General Instructions
To do each example, just click the Submit
button.
You do not have to type in any R instructions or specify a dataset.
That's already done for you.
Theory
The parametric bootstrap, like the name says, simulates from the parametric
model. We say bootstrap
rather than simulation
because the
former term recognizes that we are doing the wrong thing (simulating
under the distribution indicated by our parameter estimate rather than
under the true unknown distribution).
Like the nonparametric bootstrap, there are presumably many different ways to construct parametric bootstrap confidence intervals, although the literature on the subject is thin (the nonparametric bootstrap gets most of the literature).
But we just illustrate one method: the parametric analog of nonparametric bootstrap t confidence intervals.
Practice
We are going to do a logistic regression example.
The response variable in this problem kyphosis
is categorical with values present
or absent
which we model as independent but not identically distributed
Bernoulli random variables.
Kyphosis is a misalignment of the spine. The data are on 83 laminectomy
(a surgical procedure involving the spine) patients. The predictor variables
are age
and age^2
(that is, a quadratic function
of age), number
of vertebrae involved in the surgery
and start
the vertebra number of the first vertebra involved.

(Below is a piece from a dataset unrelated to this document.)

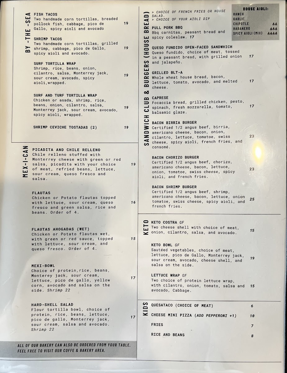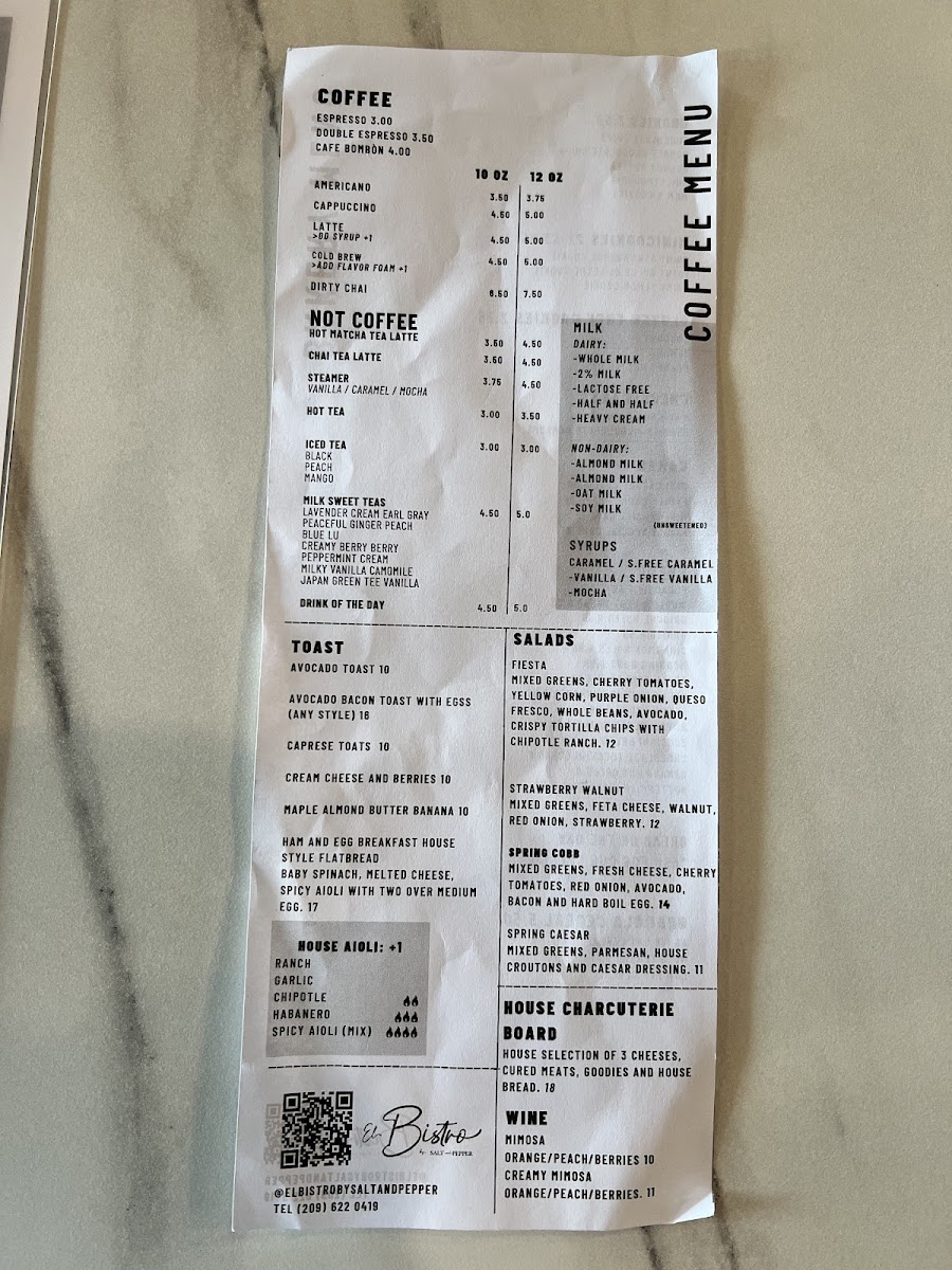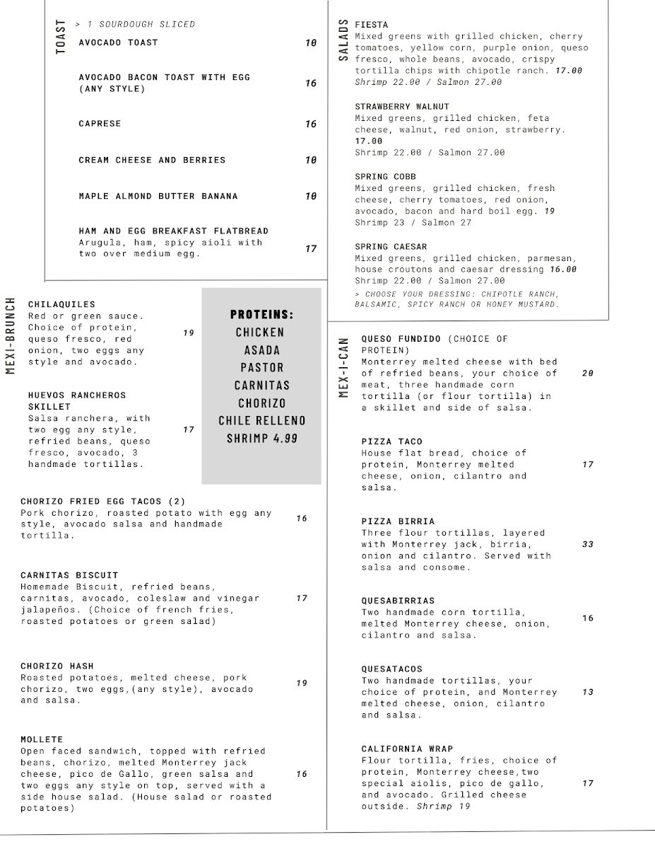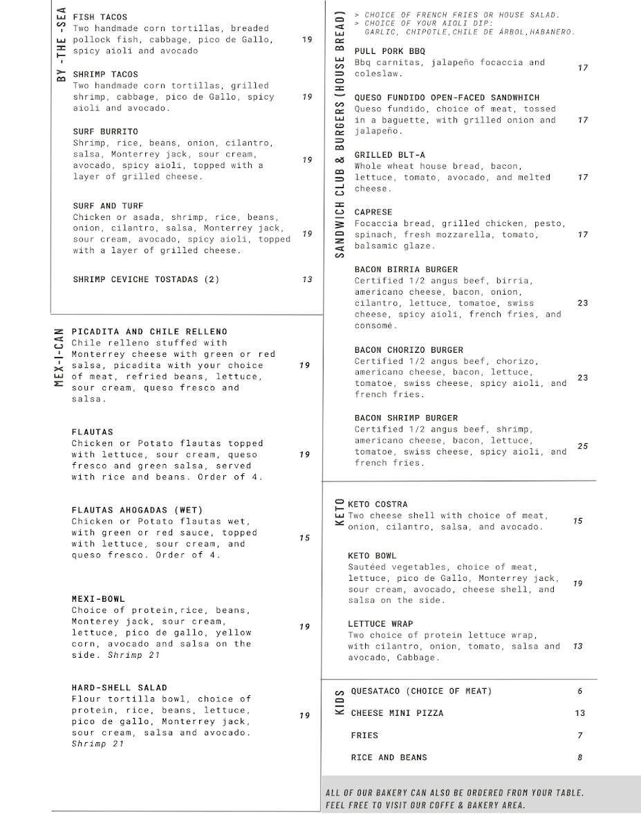 From a reviewer’s perspective, the menu at El Bistro By Salt And Pepper Modesto (901 N Carpenter Rd #18, Modesto, CA 95351) feels like a well-curated summary of what the restaurant does best: bold Mexican-inspired flavors balanced with comforting brunch and café classics. The drink selection sets a fresh and playful tone with options like Spicy Watermelon, Piña Colada Strawberry (Non-Alcoholic), Lemonade Piña Colada (Non-Alcoholic), and Fresh Orange Juice, while the coffee menu-featuring Matcha Tea Latte (Hot 12oz), Cafe Mazapan (Iced 16 Oz), Dulce De Leche Latte (Hot 12oz), Matcha Tea Latte (Iced 16oz), and Iced Cloud Matcha (Iced 16oz)-rounds out the experience with indulgent, modern café favorites. The brunch-focused categories shine, from Mexi-Omelette, Veggie Omelette, California Omelette, Chile Relleno Omelette, and Waffle Sandwich in the Sweet & Salty section, to hearty Mexi-Brunch staples like Huevos Rancheros, Mollete, Chorizo Hash, Chorizo Fried Egg Tacos (2), and Chilaquiles. Health-conscious diners are not overlooked thanks to Keto Costra and Keto Bowl, while lighter bites such as Avocado Bacon Toast With Egg (Any Style), Sweet Cream Cheese And Berries, Avocado Toast Caprese, and Maple Almond Butter Banana offer variety. The menu also confidently steps into savory lunch and dinner territory with Flautas, California Wrap, Queso Fundido Skillet, Quesabirrias, and Flautas Ahogadas (Wet), complemented by fresh salads like Fiesta and Strawberry Walnut. Seafood lovers will appreciate Surf And Turf Tortilla Wrap, Shrimp Tacos, Surf Tortilla Wrap, Fish Tacos, and Fish And Chips, while indulgent sweets such as Fresas Con Crema French Toast, Carlota De Limoncello French Toast, Nutella Stuffer Churro French Toast, Caramelo Waffle, and Dulce De Leche French Toast provide a memorable finish. Add in satisfying burgers and sandwiches like Bacon Chorizo Burger, Bacon Shrimp Burger, Bacon Burger, Bacon Birria Burger, and Caprese, plus crowd-pleasing starters (Pancho Villa Cazuela, Los 3 Cochinitos, Chips And Red Salsa) and kid-friendly choices (Kids Breakfast, Corn Quesadilla, Cheese Mini Pizza, Fries, Rice And Beans), and the menu ultimately feels cohesive, generous, and thoughtfully designed-an inviting conclusion to a diverse and flavorful dining experience.

The response is presence or absence of kyphosis after the surgery
(and perhaps caused by it).
Comments
- The command
pred <- predict(out2, type = "response")
estimates the mean value parameter vector. - The command
kyphosis.star <- rbinom(n, 1, pred)
simulates new Bernoulli data with mean value parameter vector. That's what the parametric bootstrap requires. - We save both the bootstrap values of the estimator and its standard error.
-
Then we make the bootstrap analog of the asymptotically pivotal (asymptotically
standard normal) quantity
(theta.hat - theta) / se.theta.hat
. -
The warnings show that we are actually far from asymptopia. In some bootstrap
samples we have MLE
at infinity
(perhaps), and in any case are in trouble with the asymptotics. But we do not throw these out of the bootstrap distribution. They reflect the actual performance of logistic regression for these data and this model. - The histogram shows the sampling distribution of this asymptotically pivotal quantity is not only not standard normal, it is both skewed and biased.
- It just turns out that the bootstrap critical values do not reflect the skewness, but this is only because of the confidence level we chose. They would be very different from plus or minus the same quantity if we chose a 99% confidence level.